Background: Phytoplankton conversion of light on the upper limits of the ocean consists of half of the photosynthesis on the Earth. The population densities indicate the health of not only the phytoplankton, but the entire aquatic ecosystem. The isolation and sorting of aquatic samples using flow cytometry allows for quick and effective population analysis. The forward scatter on the MoFlo Astrios allows for differentiation of small and large particles from 0.2 to 30 μm on FSC. This design provides researchers greater flexibility to isolate and sort specific phytoplankton of different sizes while utilizing the 7 laser, 42 parameter MoFlo Astrios.

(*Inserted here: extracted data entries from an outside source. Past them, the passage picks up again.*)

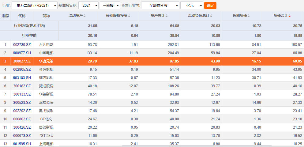 Choice数据显示,截至2021年第三季度末,华谊兄弟的负债总额为60.05亿元,资产负债率为61.37%,在申万二级行业(2021)给出的22家传媒公司中位列第3位。
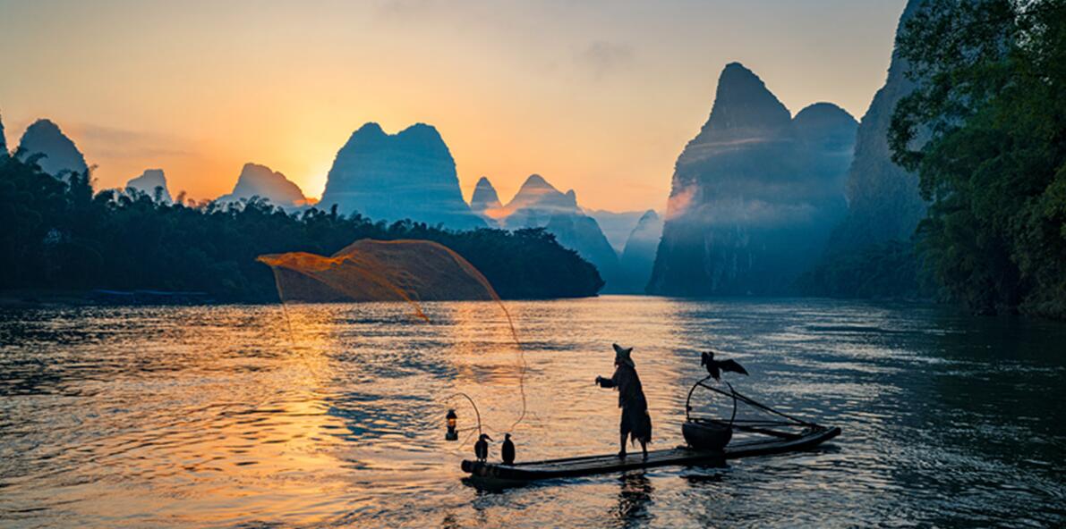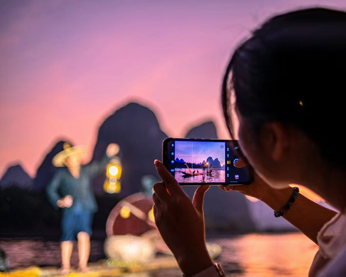 在兴坪古镇的老渡口,导师示范捕捉 20 元人民币背景的晨雾奇观,渔翁的竹篙点水时,鸬鹚振翅的瞬间被高速快门凝固成金色剪影;阳朔遇龙河的竹筏漂流段,特别安排低角度仰拍,让青山倒悬水面的倒影与撑筏人形成几何对仗,慢门拍摄时水流如丝,将田园诗酿成流动的光影画卷。
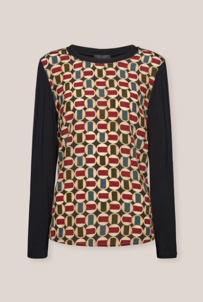 Базовая блузка из двух видов ткани – качественного трикотажа и 100% шелка с ярким принтом. Длинные рукава, круглый вырез, облегающий крой. Идеально сочетается с жакетом. Элегантное и универсальное изделие на каждый день.
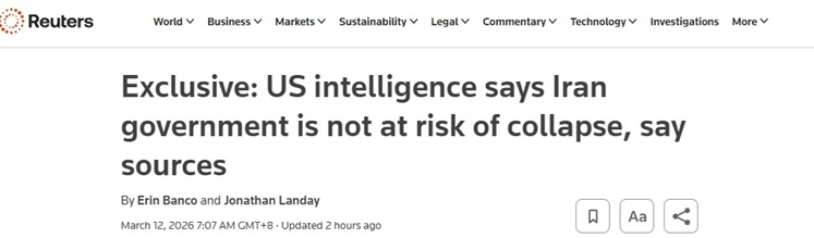 FX168财经报社(亚太)讯 英国路透社周三(3月11日)发布独家报道称,据三位知情人士透露,美国情报显示,在美国和以色列近两周持续不断的轰炸之后,伊朗领导层整体上仍然基本完整,短期内并不存在垮台风险。
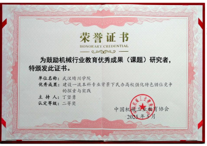 由丁坚勇、刘亚等老师主持完成的湖北省教育科学规划重点课题《建设一流本科专业背景下民办高校强化特色错位竞争的探索和实践》斩获教育优秀成果(课题)二等奖。课题立足民办高校发展实际,深入剖析在建设一流本科专业过程中的痛点与机遇。经过多年实践与探索,创新性地构建了一套完整的民办应用型机电专业特色发展体系。课题团队精准把握行业发展趋势,聚焦新能源机电技术、智能装备制造等前沿领域,探索并实践机电融合、校企联合、课赛创结合的“三合”应用型人才培养模式。课题避开与公办高校的同质化竞争,积极推动校企深度融合,与多家行业头部企业共建实习实训基地,开展订单式人才培养项目,让学生在真实项目场景中锤炼专业技能,实现人才培养与企业需求的无缝对接,推行专业课程组与大学生竞赛、科技创新的组织指导对接,不断扩大学生竞赛参与面,促使竞赛成绩持续稳定增长,学生科创和专利作品更加丰富多彩。该课题研究成果不仅为本院专业建设提供了指导,也为全国民办高校的特色化发展提供了可复制、可推广的宝贵经验。

Methods: Plankton species; Chlorella, Phormidium inundatum, Phormidium persicinum, Cryptomonas, Rhodoos, Synechococcus, Skeletonema, Fremyella, were acquired from the UTEX: The Culture of Algae and grown in photobioreactors and cultured in specialized salt and fresh water media. Plankton species Prochlorococcus marinus and Emiliana huxlei were grown in sterile 2 L containers supplied with 0.2 um filtered air in salt water with fertilizer. Instant Ocean, ½cup per gallon of deionized water, was added to the culture with Microalgae Grow Mass Pack with Silicate. Cells were harvested by gentle centrifugation, roughly 300 x g for 5-10 minutes. The supernatant was decanted/aspirated and the pellet resuspended in a sterile saline solution to achieve 1x106 cells/mL. Plankton were then stained with SYTOX Green (Invitrogen, S7020), at a maximum concentration of 5 μM for 20 minutes after vortexing. Samples were filtered with a 70 μM Partec filter and kept on ice before flow cytometric analysis. Flow Cytometry: The MoFlo AstriosEQ was configured with 7 lasers and setup with a 100 μm tip to accommodate the larger phytoplankton (Cryptomonas). Cells were selected on their “live” status by being highly fluorescent in the red channels (chlorophyll) and low in the green channels (Sytox -). For small particle analysis, Prochlorococcus and Synechococcus were simultaneously analysed on FSC-Log parameters. Populations were sorted based on fluorescence and size as a 6-way sort into 5 mL tubes. The plankton were sorted at 25K eps to collect at least 100,000 events per each population using sort mode Purify 1-2.
Results: Plankton populations were distinguishable using fluorescence and scatter patterns on both log and linear scales simultaneously. With the Astrios optical flexibility, the plankton fluorescence spectra were optimized for signal to noise. Isolation of the Prochlorococcus, Synechococcus and other plankton species using cell sorting achieved 99% purity for all populations.
Conclusions: The forward scatter and optical collection design of the MoFlo AstriosEQ provide flexibility to detect large and small populations and sort them with high purity.